**DATA TO PROCESS:**
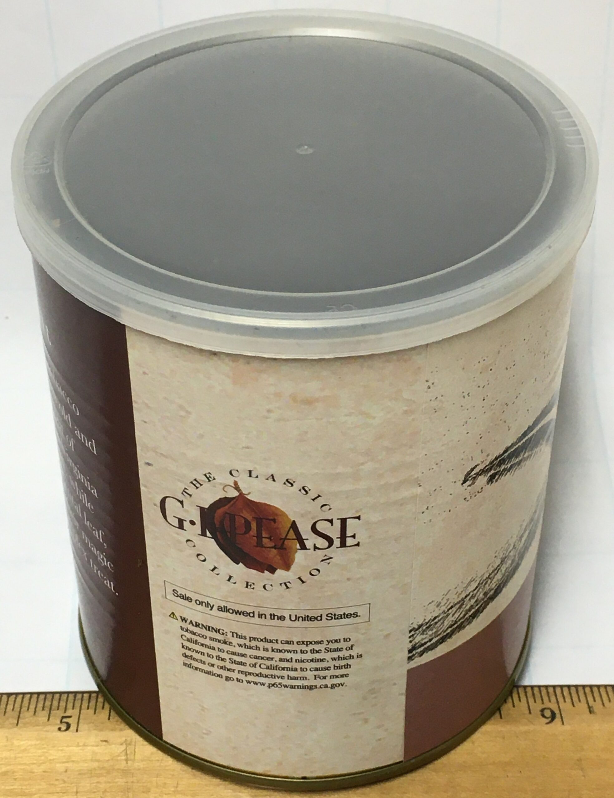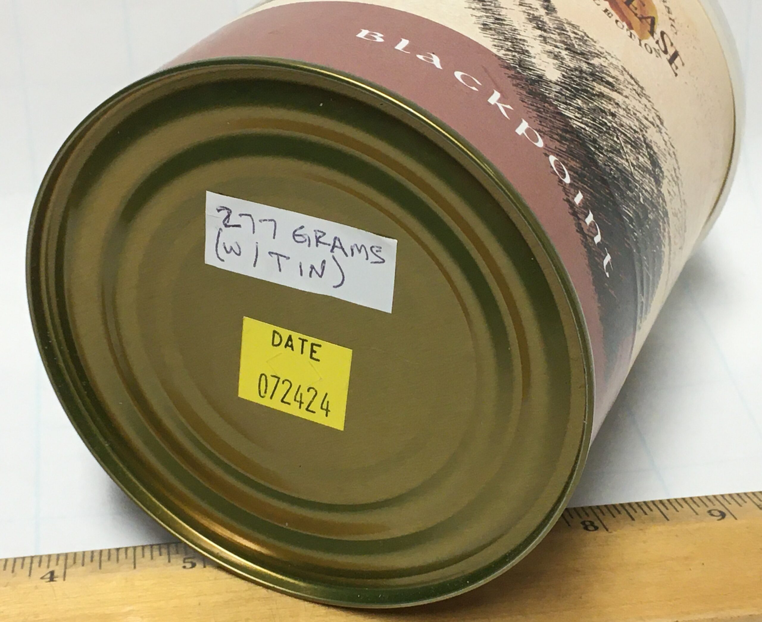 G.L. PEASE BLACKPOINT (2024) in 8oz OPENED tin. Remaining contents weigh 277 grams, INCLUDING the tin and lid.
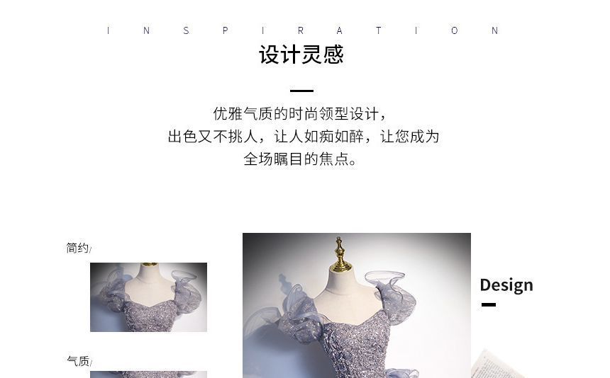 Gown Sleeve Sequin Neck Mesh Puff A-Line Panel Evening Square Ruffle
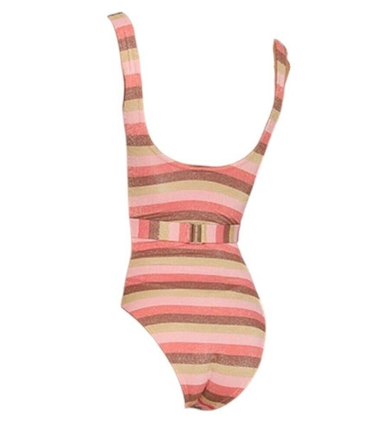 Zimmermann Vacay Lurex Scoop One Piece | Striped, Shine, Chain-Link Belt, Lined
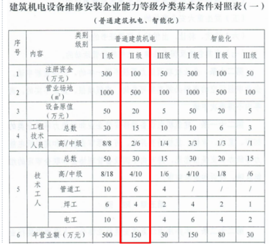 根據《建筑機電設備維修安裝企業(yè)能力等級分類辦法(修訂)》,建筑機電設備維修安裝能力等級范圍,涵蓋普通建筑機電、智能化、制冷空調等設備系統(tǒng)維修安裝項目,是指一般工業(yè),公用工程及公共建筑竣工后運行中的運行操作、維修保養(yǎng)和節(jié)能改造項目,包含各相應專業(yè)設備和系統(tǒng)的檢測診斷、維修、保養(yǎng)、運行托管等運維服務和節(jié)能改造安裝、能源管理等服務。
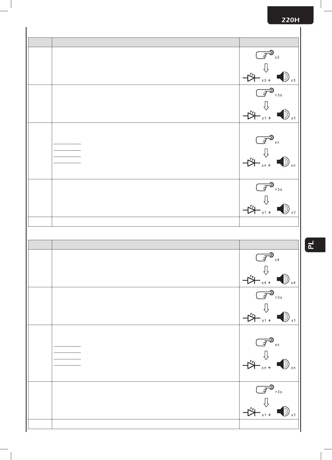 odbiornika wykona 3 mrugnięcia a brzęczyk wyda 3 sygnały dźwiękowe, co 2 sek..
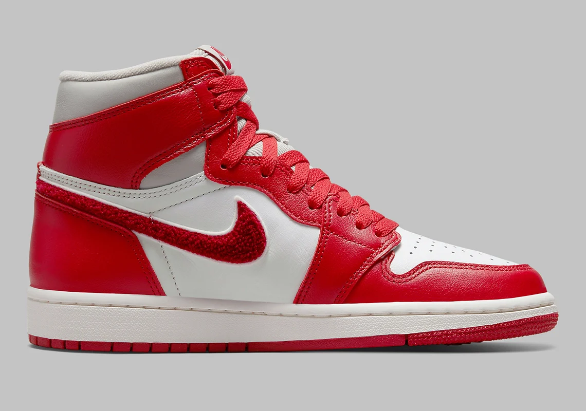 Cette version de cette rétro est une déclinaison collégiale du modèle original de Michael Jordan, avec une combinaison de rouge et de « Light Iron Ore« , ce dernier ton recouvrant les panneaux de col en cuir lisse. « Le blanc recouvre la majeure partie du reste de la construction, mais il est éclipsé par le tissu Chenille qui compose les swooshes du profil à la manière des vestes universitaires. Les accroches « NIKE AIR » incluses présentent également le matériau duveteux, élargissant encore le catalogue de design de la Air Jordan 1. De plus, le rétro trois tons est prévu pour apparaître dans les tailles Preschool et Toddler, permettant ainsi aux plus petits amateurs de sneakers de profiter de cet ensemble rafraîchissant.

* * *

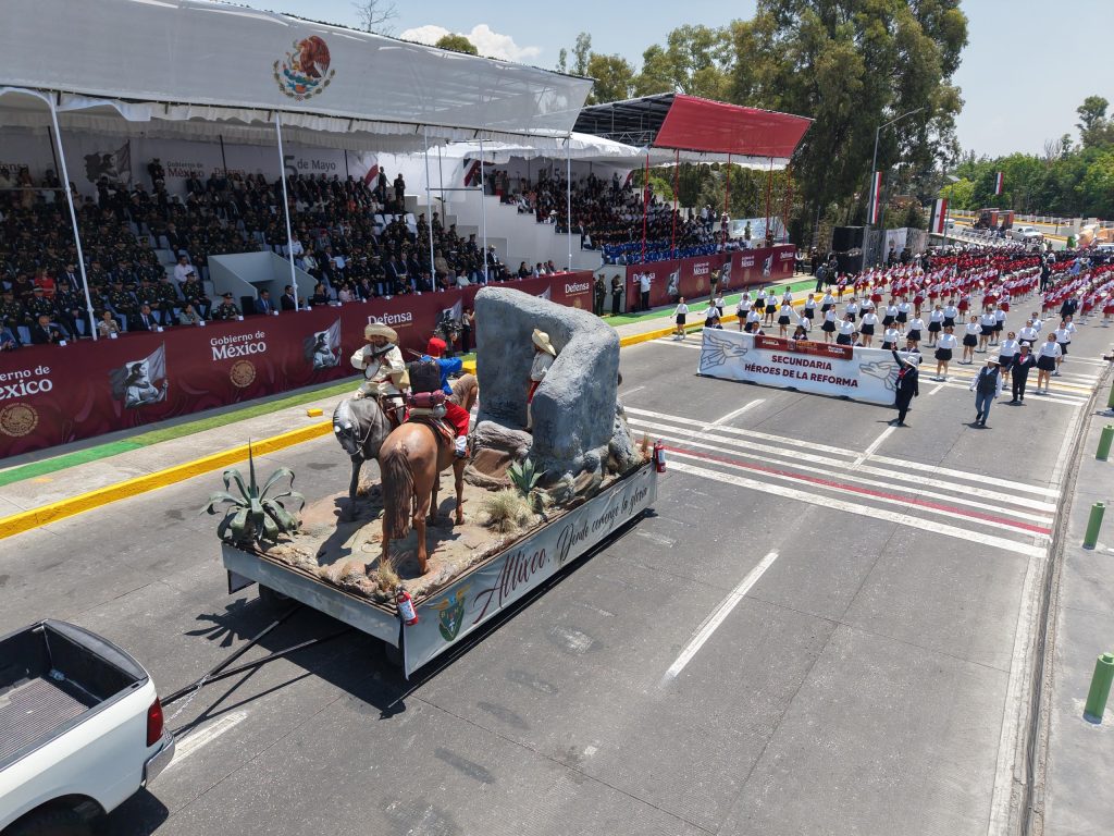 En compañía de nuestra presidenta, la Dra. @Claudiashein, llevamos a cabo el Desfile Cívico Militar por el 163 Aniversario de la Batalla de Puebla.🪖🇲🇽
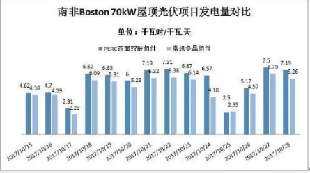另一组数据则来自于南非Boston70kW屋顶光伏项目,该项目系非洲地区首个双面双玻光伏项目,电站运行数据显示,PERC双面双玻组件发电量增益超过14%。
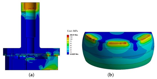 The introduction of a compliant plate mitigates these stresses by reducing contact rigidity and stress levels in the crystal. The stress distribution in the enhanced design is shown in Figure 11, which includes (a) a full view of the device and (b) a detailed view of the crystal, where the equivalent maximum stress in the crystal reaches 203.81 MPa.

...

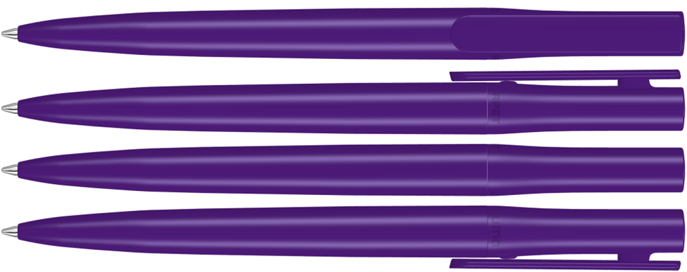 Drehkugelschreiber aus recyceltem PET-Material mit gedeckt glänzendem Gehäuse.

**ASSIGNMENT:** Exactly the lines above from the one that contains "En compañía de" down to the one that contains "另一组数据则来自于南非Bos" are to be output, both ends kept and pictures omitted.

**TASK ANSWER:**
 En compañía de nuestra presidenta, la Dra. @Claudiashein, llevamos a cabo el Desfile Cívico Militar por el 163 Aniversario de la Batalla de Puebla.🪖🇲🇽
另一组数据则来自于南非Boston70kW屋顶光伏项目,该项目系非洲地区首个双面双玻光伏项目,电站运行数据显示,PERC双面双玻组件发电量增益超过14%。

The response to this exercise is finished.